Сейчас в роли ханум царя, «луны в хороводе звезд», снималась Констанция. Хотя Селим-паша еще не соизволил шлепнуть ладонью по золотому тазу, звон по сералю уже пошел. Необъезженных кобылиц объяло волнение, в диване недоверчиво переглядывались — как госминистр Мдивани с гайдуцким предводителем (арамбашой); впрочем, и в гареме можно было слышать, как лабрадорская Лара говорит своей подружке, степной красавице Мире (Мируэрт): «У нас в классе была одна девочка, страшная зубрила, по прозвищу Медная Задница, — может, это она?» («Нам доносят, что в гареме непочтительно говорят об избраннице из избранниц… Хусни?» — «Мудрый кизляр-ага этому не препятствует». — «Алихан?» — «Настоящий евнух встревожен, когда между женами нет ревности.» — «Сулейман?» — «Согласье между женами — дурное предзнаменование».)

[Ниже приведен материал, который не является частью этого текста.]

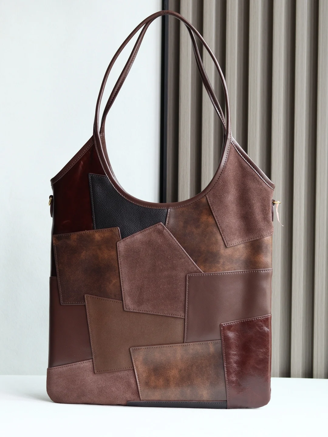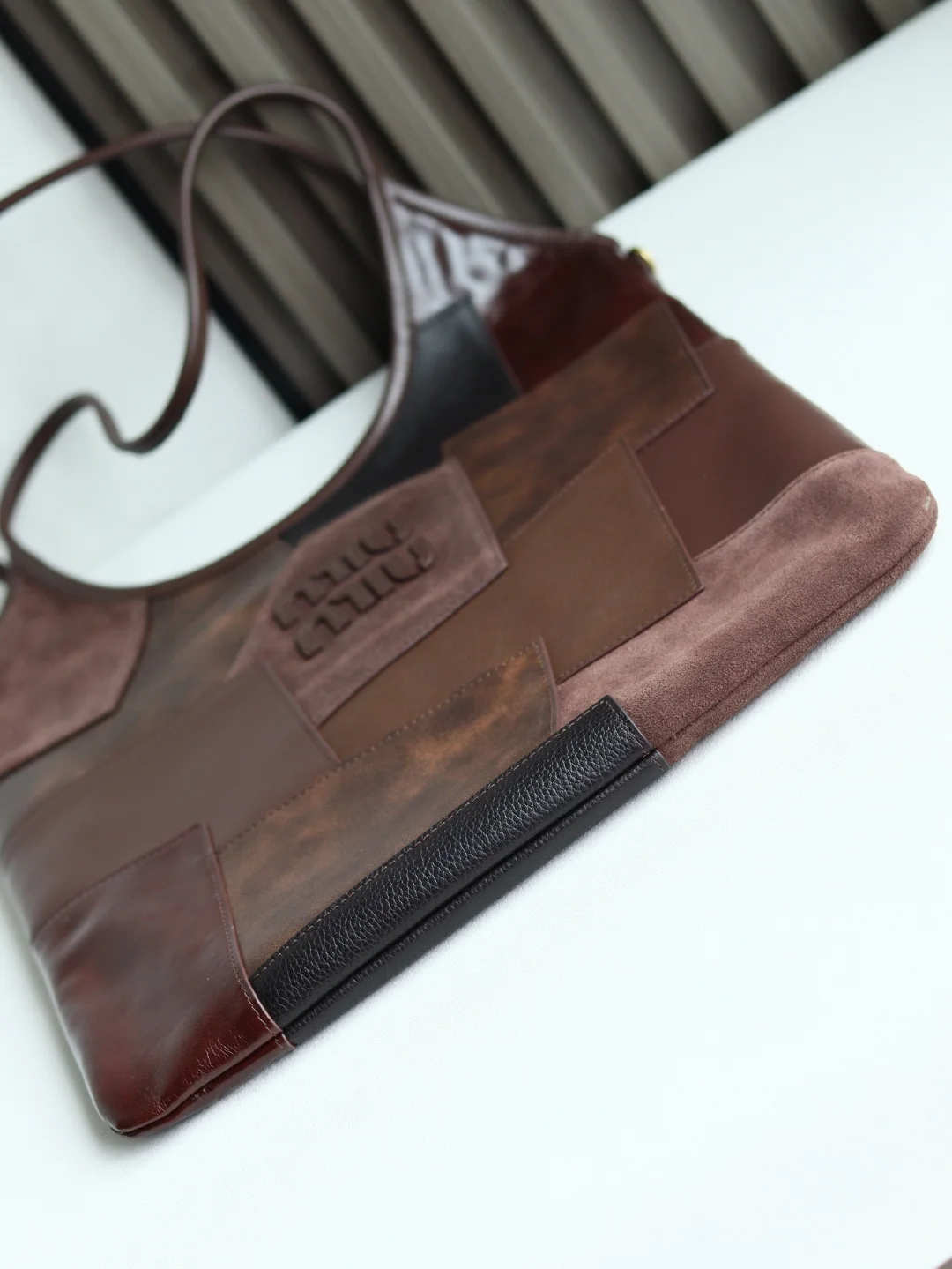 Miu s new Isetan limited edition tote bag is handcrafted with a variety of leather patchwork. The bold and innovative design perfectly interprets Miu s unconventional, free and easy, and inclusive attitude towards life. It is definitely a popular style this year. Top imported calfskin, high-end texture, the bag is soft and not collapsed, with a casual and lazy temperament, super large capacity, 100% return rate for daily outings, hand-stitched leather Logo, new linen lining inside, with zipper pocket, size 35 X 40Cm, model: 5BG231 with original packaging

Самой Констанции еще никто не видел. Только две ее служанки порой возникали на горизонте, одна — стремительной бригантиной, другая — тяжелым испанским галеоном, давшим течь, где не надо. В руках то кувшин, то вазочка с фруктами и фруктовый ножик, то белеет одинокий парус салфетки. Златозаде были отведены покои в северном крыле: свой садик, своя купаленка — все свое, освобождавшее от участия в совместных омовениях, совместных вкушениях, а также от всяческих прогулок — под змеиное «шу-шу-шу» за спиной.

Чем дольше Селим-паша уклонялся от встречи с той, что восседала (бедняжка!) на золотых полушариях, тем слаще пела скрипка сплетни. Осмин, как ни в чем не бывало, являлся в Диван светлейших, целовал землю меж колен паши и ждал, когда Селим удостоит его взглядом, словом, вопросом. Как только это происходило, главный евнух испрашивал позволения удалиться под каким-нибудь труднооспариваемым предлогом: у маленькой Мирабель потрескались губы — надо вмазать; у Винни, черной пумы, на шейке какое-то образование — ей категорически запрещаются занятия на скрипке, или на худой конец пусть подкладывает платок. А кто, спрашивается, за этим будет следить, Омар Хайям? И поскольку ясно было — и госминистру, и арамбаше, и Первому Опахалу, и самому Селиму — что Омар Хайям за этим следить не будет, кизляр-ага вновь целовал подушечку меж колен своего господина и уходил, унося частичку его благоволения — «Так, чтоб все это видели!..» (Противным козлявым голосом, про себя.)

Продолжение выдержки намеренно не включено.